## [SUPPLIED RECORDS]
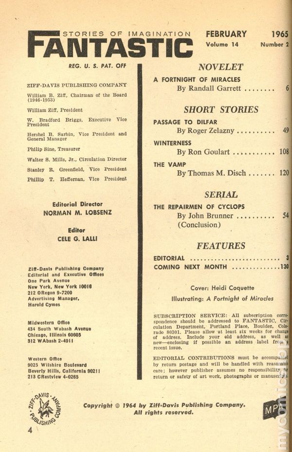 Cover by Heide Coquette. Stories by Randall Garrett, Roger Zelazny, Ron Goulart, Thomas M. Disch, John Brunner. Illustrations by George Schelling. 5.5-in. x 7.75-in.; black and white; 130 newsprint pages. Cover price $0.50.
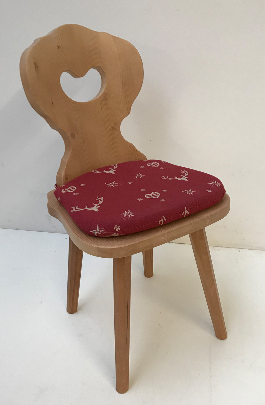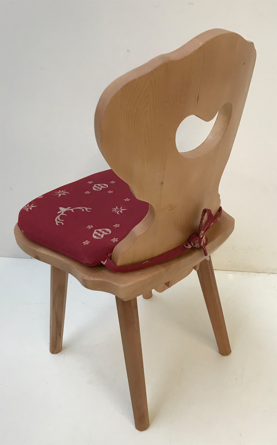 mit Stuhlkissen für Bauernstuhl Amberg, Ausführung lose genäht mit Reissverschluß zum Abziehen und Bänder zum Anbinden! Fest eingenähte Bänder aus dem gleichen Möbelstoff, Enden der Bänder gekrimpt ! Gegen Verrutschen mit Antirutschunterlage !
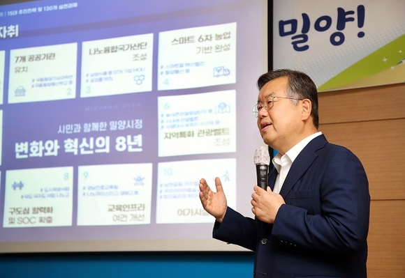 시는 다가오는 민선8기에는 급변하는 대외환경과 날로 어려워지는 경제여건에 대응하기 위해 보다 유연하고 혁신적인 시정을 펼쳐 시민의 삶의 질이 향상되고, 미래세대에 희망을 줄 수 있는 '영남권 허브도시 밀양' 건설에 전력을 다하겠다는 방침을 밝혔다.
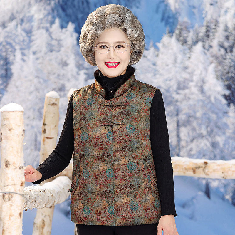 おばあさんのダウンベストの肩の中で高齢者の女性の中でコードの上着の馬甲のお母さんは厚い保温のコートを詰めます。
==
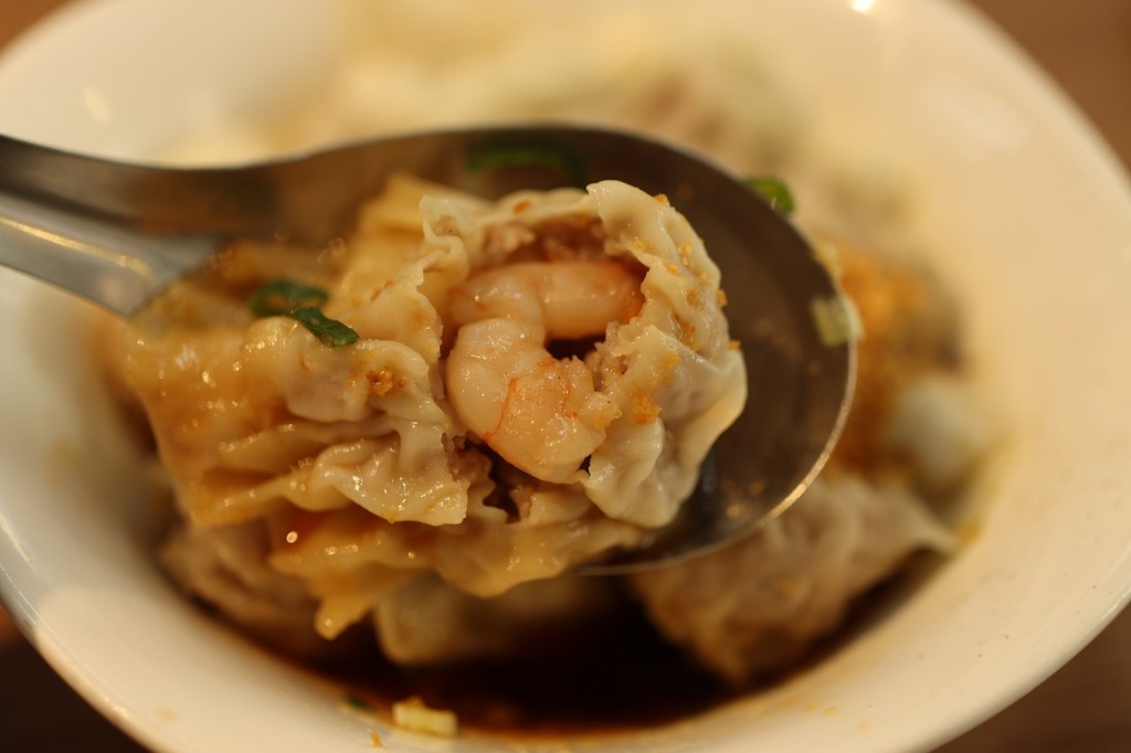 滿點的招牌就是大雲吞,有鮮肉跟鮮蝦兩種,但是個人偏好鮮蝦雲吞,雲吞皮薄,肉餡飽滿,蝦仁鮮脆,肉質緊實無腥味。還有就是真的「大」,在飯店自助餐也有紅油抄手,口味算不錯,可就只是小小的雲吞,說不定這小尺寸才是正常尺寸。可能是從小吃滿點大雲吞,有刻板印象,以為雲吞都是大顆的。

## [WHAT YOU HAVE TO DO]
Would you print exactly the lines in the listing above, from the line bearing "시는 다가오는 민선8기에는" through the line bearing "おばあさんのダウンベストの肩", leaving out all pictures?

## [SOLUTION FOR THIS EXERCISE]
 시는 다가오는 민선8기에는 급변하는 대외환경과 날로 어려워지는 경제여건에 대응하기 위해 보다 유연하고 혁신적인 시정을 펼쳐 시민의 삶의 질이 향상되고, 미래세대에 희망을 줄 수 있는 '영남권 허브도시 밀양' 건설에 전력을 다하겠다는 방침을 밝혔다.
 おばあさんのダウンベストの肩の中で高齢者の女性の中でコードの上着の馬甲のお母さんは厚い保温のコートを詰めます。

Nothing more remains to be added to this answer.